## WORK TO COMPLETE
What is needed is an exact transcription of the line containing "恭喜明德学子W同学继1月中旬" and every line after it through the end of the entries below, with no pictures.

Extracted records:
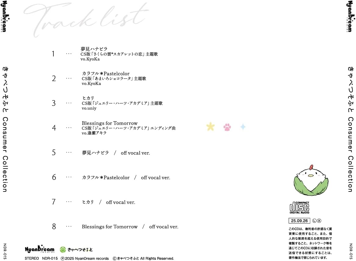 汇集了卡通人物的音乐版的迷你相册发售! 夹克上绘为绘图的宝石之花/珠宝娜"玛亚"。 <收录曲> 1.梦见香草 CS版"樱之云*斯卡哈雷特之恋"主题曲 vo.KyoKa 2.多彩*Pastelcolor CS版"蓝色巧克力"主题曲 vo.KyoKa 3.HIKAI CS版"珠宝·心形·学院 OP vo.uniy 4.Blessings for Tomorrow CS版"珠宝·心形·学院"ED vo.逢濑 5.梦见HUNAVIA(off vocal ver.) 6.彩色*Pastelcolor(off vocal ver.) 7.HIKARI(off vocal ver.) 8.Blessings for Tomorrow(off vocal ver.)
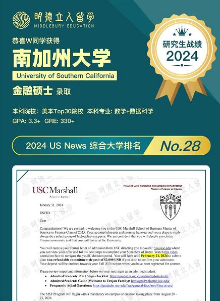 恭喜明德学子W同学继1月中旬斩获纽大量化金融后,今日又拿下南加大金融offer,录取就等于跨入名企!
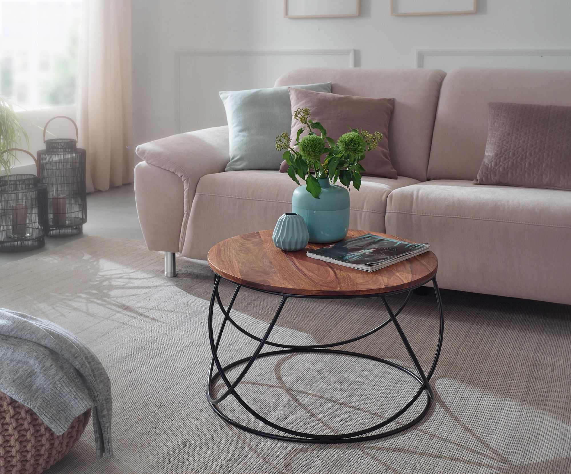 Voeg een industriële charme toe aan uw interieur met deze ronde salontafel van massief Sheeshamhout, 60x40x60 cm. Het ronde blad combineert schoonheid met functionaliteit voor dagelijks gebruik.
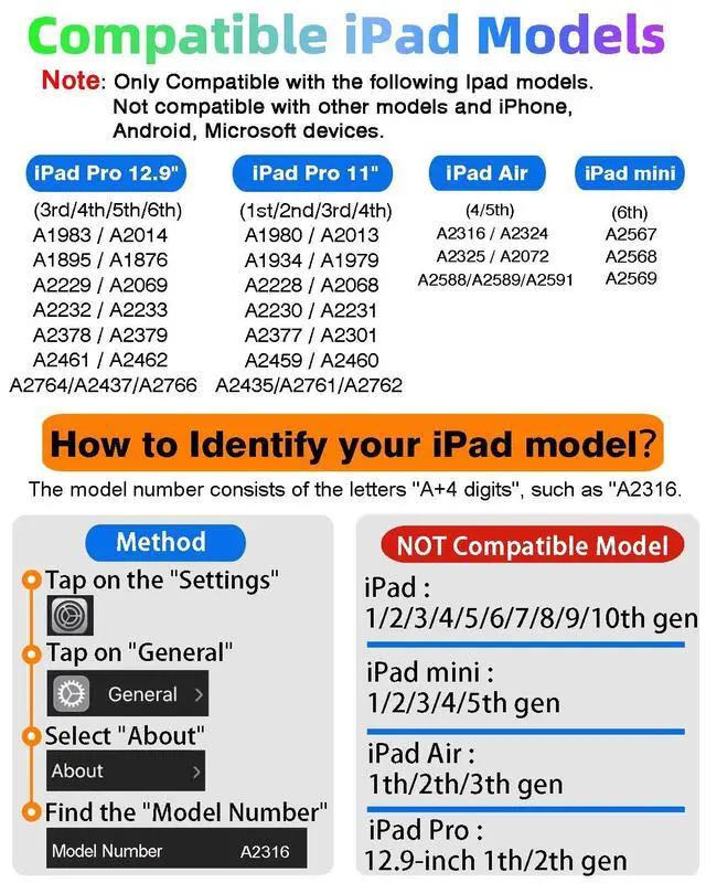 How to Identify your iPad modelTap on the "Settings"-- tap on "General"--Select "About"--Find the "Model Number". Or you can also look up the Model Number on the back of the iPad. The model number will typically start with the letter "A" followed by four numbers. For example, it may look like "A1983. " This model number uniquely identifies your iPad model. ^^ Compatible ModelsiPad pencil 2nd generation is suited for the Pad Air (4th/5th Gen), iPad Mini 6th Generation, iPad Pro 11"(1st/2nd/3rd/4th Gen), iPad Pro 12.9" (3rd/4th/5th/6th
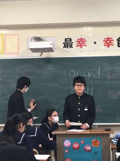 今日は1組5班と6班の番。まず5班は、事前の数時間の授業で、準備をとても丁寧に進めていました。オリジナルプリントも、黒板の文字も見やすくわかりやすかったです。スチューデントティーチャーは緊張しながらも頑張りました。
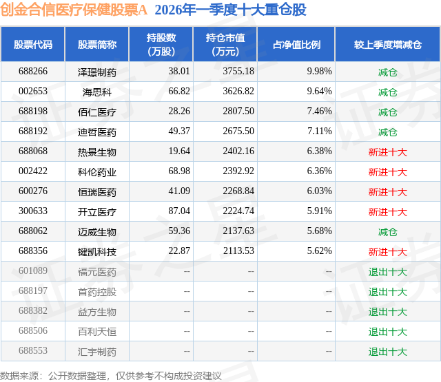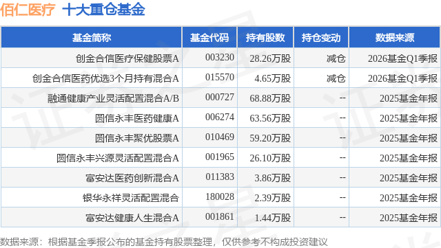 根据2026基金Q1季报公募基金重仓股数据,重仓该股的公募基金共2家,其中持有数量最多的公募基金为创金合信基金的创金合信医疗保健股票A。创金合信医疗保健股票A目前规模为1.71亿元,最新净值1.9864(4月17日),较上一交易日下跌1.7%,近一年上涨16.08%。该公募基金现任基金经理为皮劲松。皮劲松在任的基金产品包括:创金合信大健康混合A,管理时间为2022年1月26日至今,期间收益率为-30.44%;创金合信医药优选3个月持有混合A,管理时间为2022年8月30日至今,期间收益率为-6.54%;创金合信医药消费股票A,管理时间为2025年9月26日至今,期间收益率为-15.09%。
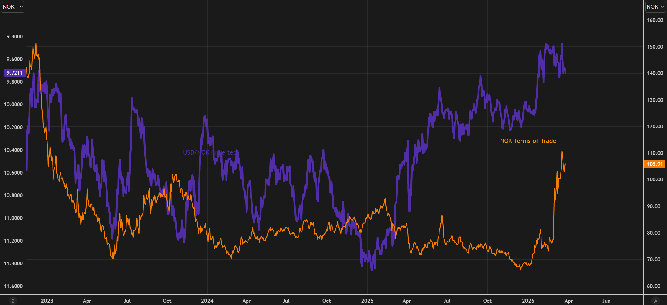 One that I wanted to isolate is USD/NOK which has seen a huge improvement in their terms of trade, essentially allowing for an isolation from the shock faced by the rest of Europe and Asia. This should help to boost real incomes, and support consumption domestically, while potentially lifting growth, and allowing for a somewhat relative cap on inflation.
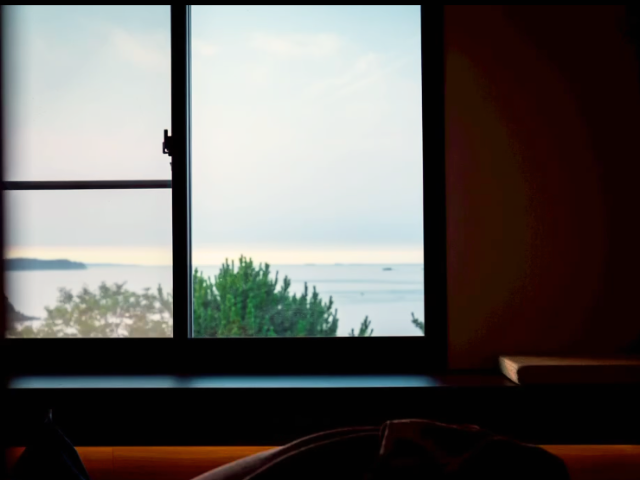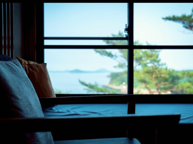 大きな窓の向こうには、時間帯ごとに表情を変える海の景色。
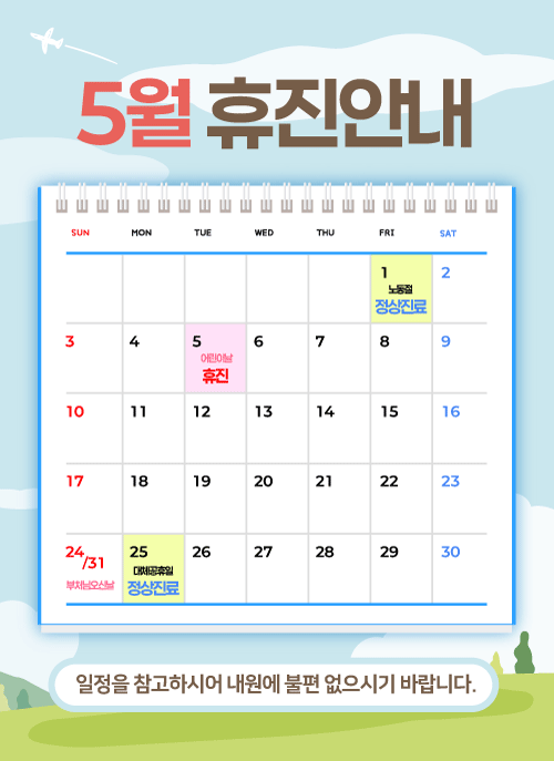 • 토요일 오전 8:00 ~ 오후 1:30 (토요일 점심시간 없이 진료)

## YOUR RESPONSE
 恭喜明德学子W同学继1月中旬斩获纽大量化金融后,今日又拿下南加大金融offer,录取就等于跨入名企!
 Voeg een industriële charme toe aan uw interieur met deze ronde salontafel van massief Sheeshamhout, 60x40x60 cm. Het ronde blad combineert schoonheid met functionaliteit voor dagelijks gebruik.
 How to Identify your iPad modelTap on the "Settings"-- tap on "General"--Select "About"--Find the "Model Number". Or you can also look up the Model Number on the back of the iPad. The model number will typically start with the letter "A" followed by four numbers. For example, it may look like "A1983. " This model number uniquely identifies your iPad model. ^^ Compatible ModelsiPad pencil 2nd generation is suited for the Pad Air (4th/5th Gen), iPad Mini 6th Generation, iPad Pro 11"(1st/2nd/3rd/4th Gen), iPad Pro 12.9" (3rd/4th/5th/6th
 今日は1組5班と6班の番。まず5班は、事前の数時間の授業で、準備をとても丁寧に進めていました。オリジナルプリントも、黒板の文字も見やすくわかりやすかったです。スチューデントティーチャーは緊張しながらも頑張りました。
 根据2026基金Q1季报公募基金重仓股数据,重仓该股的公募基金共2家,其中持有数量最多的公募基金为创金合信基金的创金合信医疗保健股票A。创金合信医疗保健股票A目前规模为1.71亿元,最新净值1.9864(4月17日),较上一交易日下跌1.7%,近一年上涨16.08%。该公募基金现任基金经理为皮劲松。皮劲松在任的基金产品包括:创金合信大健康混合A,管理时间为2022年1月26日至今,期间收益率为-30.44%;创金合信医药优选3个月持有混合A,管理时间为2022年8月30日至今,期间收益率为-6.54%;创金合信医药消费股票A,管理时间为2025年9月26日至今,期间收益率为-15.09%。
 One that I wanted to isolate is USD/NOK which has seen a huge improvement in their terms of trade, essentially allowing for an isolation from the shock faced by the rest of Europe and Asia. This should help to boost real incomes, and support consumption domestically, while potentially lifting growth, and allowing for a somewhat relative cap on inflation.
 大きな窓の向こうには、時間帯ごとに表情を変える海の景色。
 • 토요일 오전 8:00 ~ 오후 1:30 (토요일 점심시간 없이 진료)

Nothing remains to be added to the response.